About the Author: Eric Severson is a Special Education teacher at Clara Barton High School in Brooklyn. He ran as a VP with UFT Solidarity in 2016 and 2019.
Recently many teachers have begun sharing a reversal of the old saying maligning teachers: “Those who can do teach, and those who can’t make laws about teaching.” The same can legitimately be said about opinions on teaching, that those who have never spent a day in front of a classroom are most likely to have strong and very wrong opinions on what teachers should do and how we should feel about our profession and students.
Let’s start with a list of some of the classic misguided notions that I hear from time to time, followed by a response to a recent NY Post editorial accusing us of selfishness:
● ‘Summers Off’ is largely a myth. Teachers (including myself) work summers to make ends meet, attend professional and curriculum development, and this summer spend our time organizing and lobbying to make sure our lives and health aren’t put in danger.
● Contrary to Bill O’Reilly’s anti teacher rant, teaching is not a ‘part time job’ and we don’t leave at 3 o’clock, we are up late planning for the next day, grading, making phone calls and writing emails, and doing everything else we don’t have time to do during busy and often chaotic days.
● Tenure in a K-12 public school does not mean a guaranteed job for life. It simply means that one has due process and can’t be summarily dismissed without a hearing and an inquiry. In much of the world these are considered basic rights in a democracy, and those who complain about it would do better to fight for such rights in their own profession rather than gripe about what legal rights educators have.
● Teacher’s unions are not about ‘protecting bad teachers’ as anti teacher editorials and Twitter posts are so fond of saying. Like all labor unions, teachers unions are about pay and benefits and working conditions, and the workplace protections we have fought for over the years protect against harassment from vindictive administrators and arbitrary dismissal by power hungry bosses. Those who want to remove tenure and strip teacher’s unions of what power they have are inevitably motivated by financial or political concerns that have nothing to do with a quality education. Think about the best teacher your child ever had and ask yourself if they would have stayed on without some degree of job security and decent pay and benefits that is only possible with a union.
● No one goes into teaching because the money and perks of the job are so great, but many detractors seem to think this is the case. Since teaching in most states now requires a master’s degree, teachers are paid less than comparably educated peers just about everywhere. Teaching is one of very few professions in which the employees must dip into their own pockets to pay for the basic supplies necessary to do their job, which will be even more of a problem this Fall now that the teacher’s choice program providing funds for supplies has been cut to $0 and inevitably teachers will end up having to bring in their own sanitizing wipes and soap when the DOE runs out and there is a long delay to resupply.

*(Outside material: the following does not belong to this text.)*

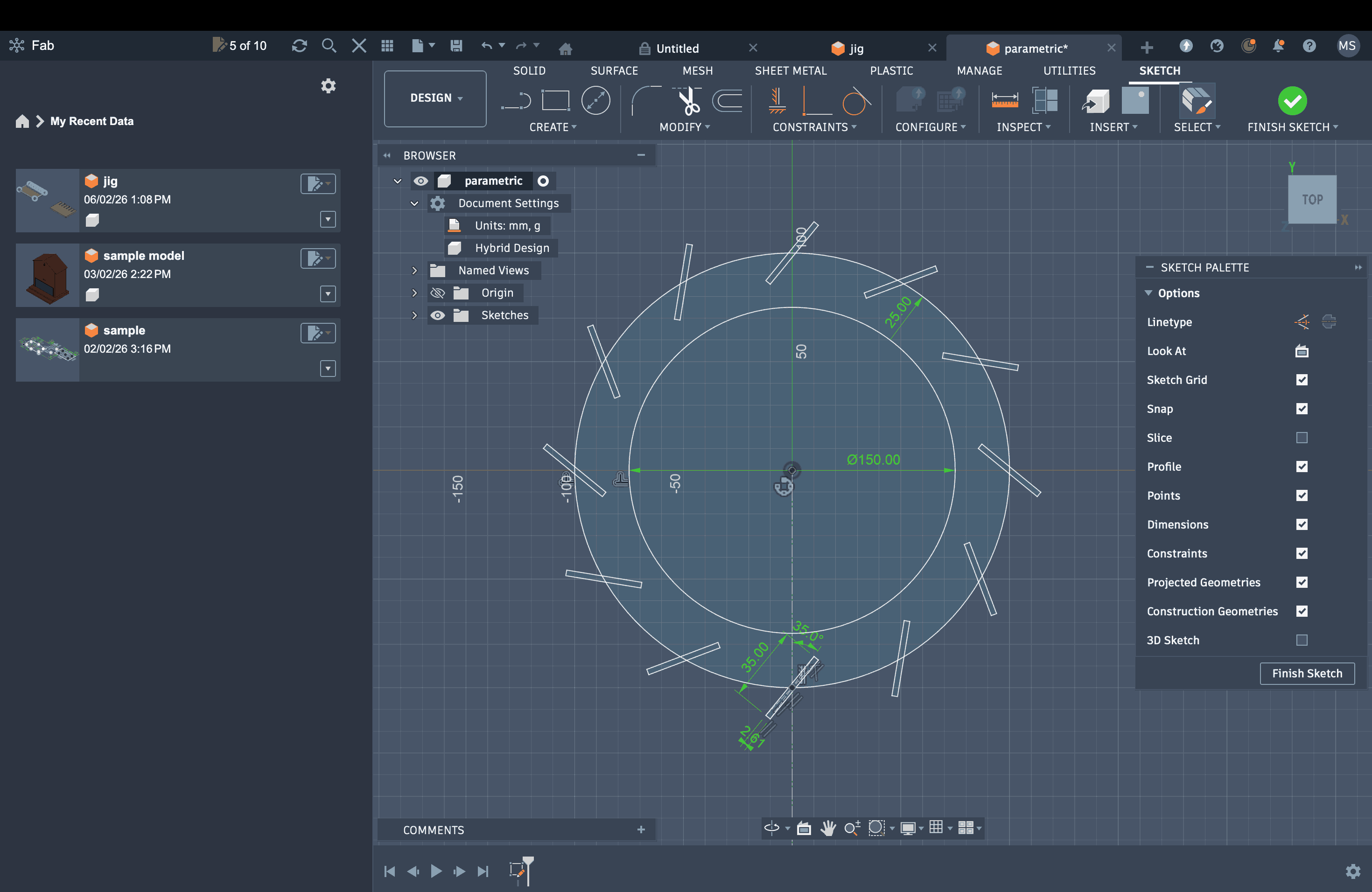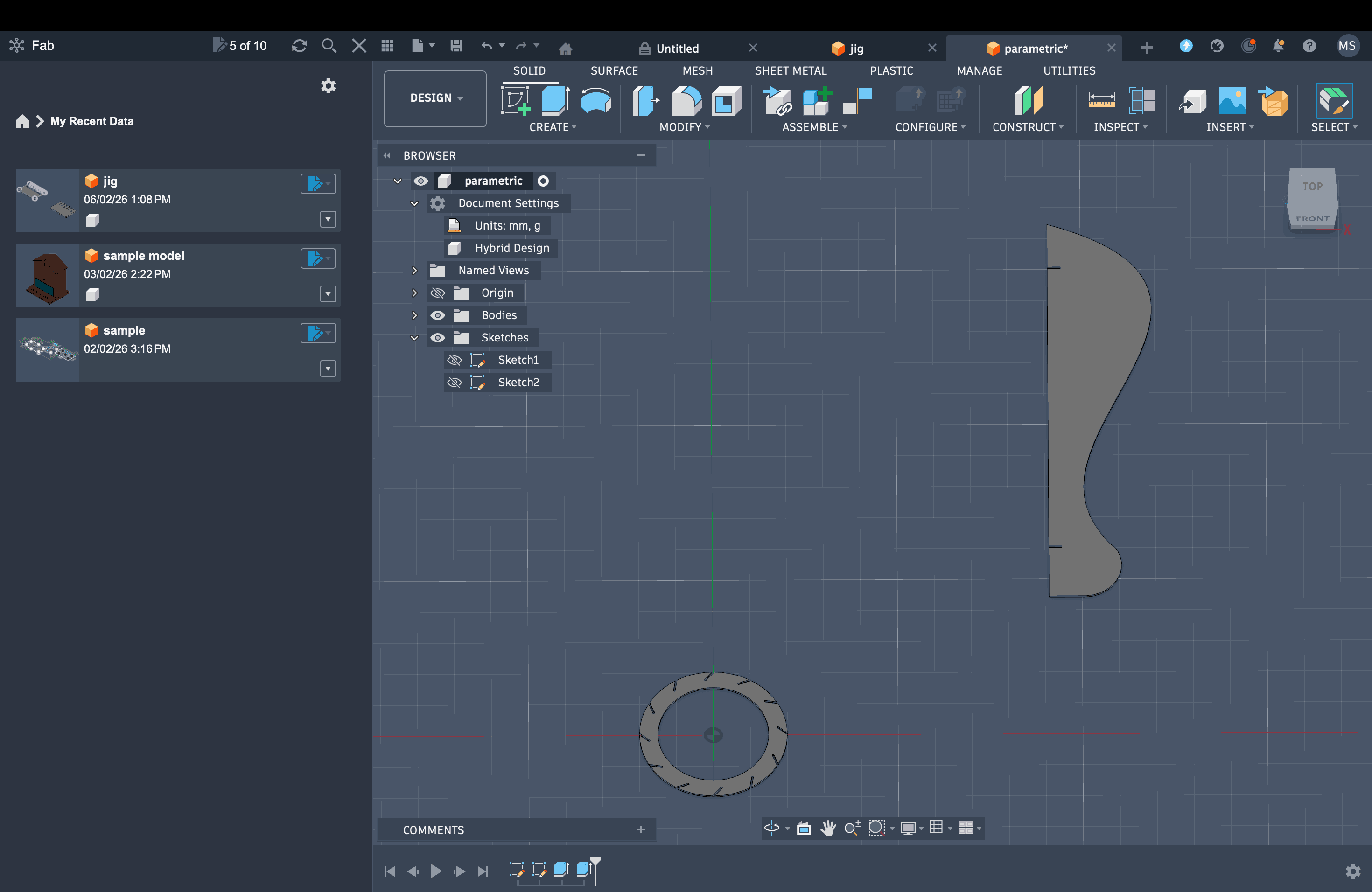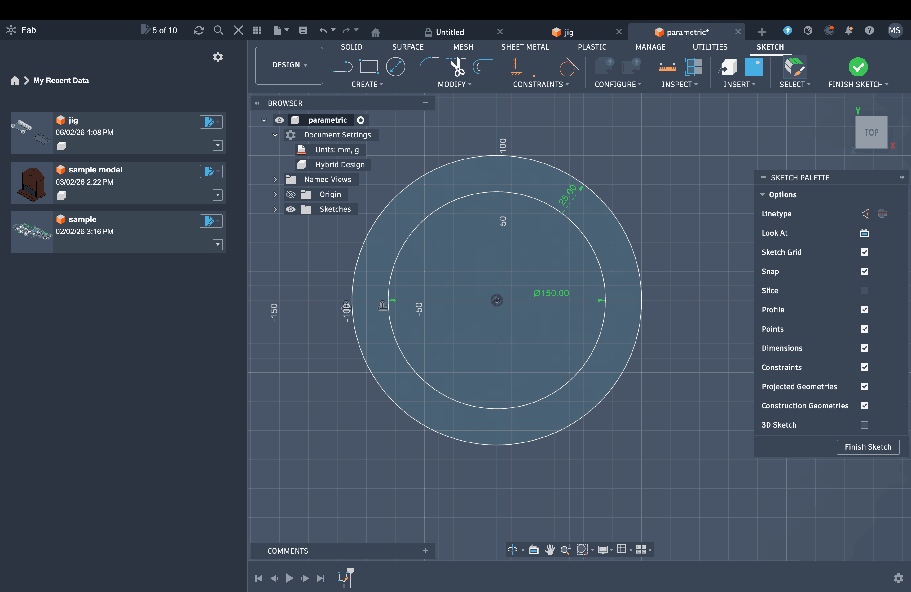 I started by sketching the basic component on Fusion 360, which in my case was a circle, and then created an offset.

● This brings me to the final point, that in some circles including a recent NY Post editorial, teachers who wish to continue teaching remotely are accused of selfishness and not stepping up to put themselves at risk for their jobs in the same way that police and fire fighters have. Besides the obvious ways in which that comparison is nonsense, that police and fire fighters don’t need to be confined in a huge building with hundreds of other people to do their jobs well, this attack is as offensive as it is inaccurate. First, consider how many New Yorkers fell ill or died from COVID-19 because De Blasio and Carranza dragged their feet while other cities and nations around the world shut down faster. Teachers led the way in calling for closing school buildings, and think how many lives would have been saved had we been listened to. When school did go remote, teachers shifted from in person to online instruction seamlessly with only three days of training, and while working remotely spent countless hours beyond their contractual requirement answering emails, making phone calls, and doing all they could to support remote learning. Of course the push to keep learning remote in September is partly about teachers being concerned for their own health, and this is fine, everyone has the right to a safe and healthy workplace and to fight for it if they’re not getting it. However, it is also about our lived experience, that the DOE’s bureaucracy that historically can’t even keep bathrooms stocked with soap and which took years to get working A/C units installed in most classrooms can’t be trusted to provide PPE, ventilators, and cleaning supplies and keep them well stocked and maintained. This is a matter of public health, and even if young people are less likely to suffer severe effects from the virus, exposing them at school can lead to them exposing parents and other relatives to it at home.
In the age of Betsy DeVos, it has been easier than ever for teachers to win the national argument about our profession and fight the toxic rhetoric promoting privatization and stripping our unions of what modest power they have left, but the fact that there are still editorials out there accusing us of selfishness for promoting common sense and public health shows that there is still bias and misinformation out there, and we cannot rest as long as that is the case.